Language Reference
Lexical structure definition
Base units
The following syntax units used in dynasm syntax are defined by the rust grammar itself:
num_litidentexpr_pathexprstmt
Dynasm-rs defines the following base syntax units:
prefix : "cs" | "ds" | "es" | "fs" | "gs" | "ss" | "lock" | "rep" | "repne" | "repe" | "repnz" | "repz" ;static_regmatches any valid register name as seen in table 4, or any previously defined aliasdynamic_reg_familymatches any valid register family from table 4size : "BYTE" | "WORD" | "DWORD" | "AWORD" | "QWORD" | "OWORD" | "HWORD"nosplit : "NOSPLIT"
Entry point
The entry point of dynasm-rs is the dynasm! macro.
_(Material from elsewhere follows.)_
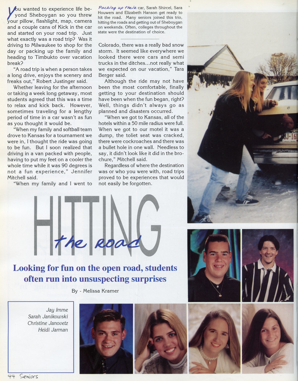 1996 Sheboygan South High School Yearbook Page 44: Christopher Kaker, Craig Kalkopf, Jay Imme, Sarah Janikowski, Christine Janovetz, Heidi Jarman.

It is structured as following
dynasm : "dynasm" "!" "(" ident (";" line)* ")" ;
Where line can be one of the following:
line : (";" stmt) | directive | label | instruction ;
Directives
Directives are special commands given to the assembler that do not correspond to instructions directly. They are executed at parse time, and each directive can have different parsing rules.
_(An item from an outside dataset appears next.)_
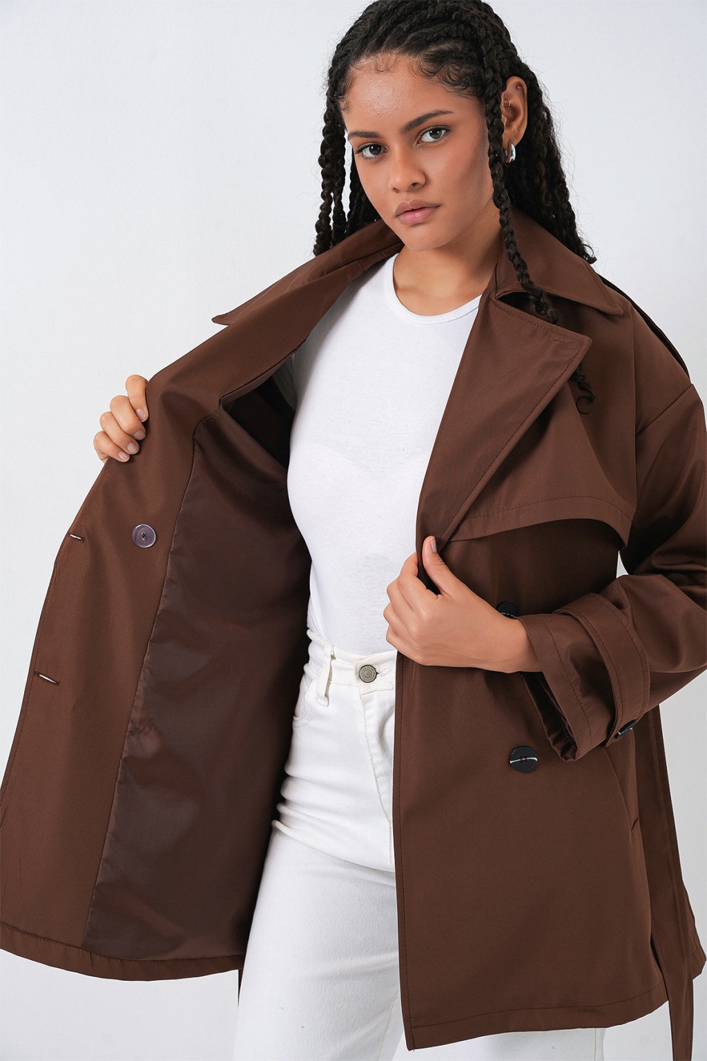 % 100 PolyesterKadin Kusakli Kisa Trençkot 5974

directive : "." ident directive_parsing_rule;
Labels
label : ident ":" | "->" ident ":" | "=>" expr ;
Instructions
instruction : prefix* ident (arg ("," arg)* )? ;
Arguments
arg : register | (size? ( memoryref | labelref | typemap | expr ));
typemap : register "=>" expr_path ("." ident | "[" size? regref "]" ("." ident)?) ;
memoryref : "[" nosplit? size? (regref | labelref) "]" ;
regref : regrefitem ("+" regrefitem)* ;
regrefitem : (register "*" num_lit | num_lit "*" register | register | expr) ;
labelref : (">" ident | "<" ident | "->" ident | "=>" expr | "extern" expr) ;
register = static_reg | dynamic_reg ;
dynamic_reg = dynamic_reg_family "(" expr ")" ;
Reference
Directives
Dynasm-rs currently supports the following directives:
Table 1: dynasm-rs directives
| Name | Argument format | Description |
|---|---|---|
.arch | A single identifier | Specifies the current architecture to assemble. Defaults to the current target architecture. Only x64 and x86 are supported as of now. |
.feature | A comma-separated list of identifiers. | Set architectural features that are allowed to be used. |
.alias | An name followed by a register | Defines the name as an alias for the wanted register. |
.align | An expression of type usize | Pushes NOPs until the assembling head has reached the desired alignment. |
.byte | One or more expressions of the type i8 | Pushes the values into the assembling buffer. |
.word | One or more expressions of the type i16 | Pushes the values into the assembling buffer. |
.dword | One or more expressions of the type i32 | Pushes the values into the assembling buffer. |
.qword | One or more expressions of the type i64 | Pushes the values into the assembling buffer. |
.bytes | An expression of that implements IntoIterator<Item=u8> or IntoIterator<Item=&u8> | Extends the assembling buffer with the iterator. |
Aliases
Dynasm-rs allows the user to define aliases for registers using the .alias name, register directive. These aliases can then be used at places where registers are allowed to be used. Note that aliases are defined in lexical parsing order and that their scoping is file-global.
Macros
While this is technically not a feature of dynasm-rs, there are a few rules that must be taken into account when using normal rust macros with dynasm-rs.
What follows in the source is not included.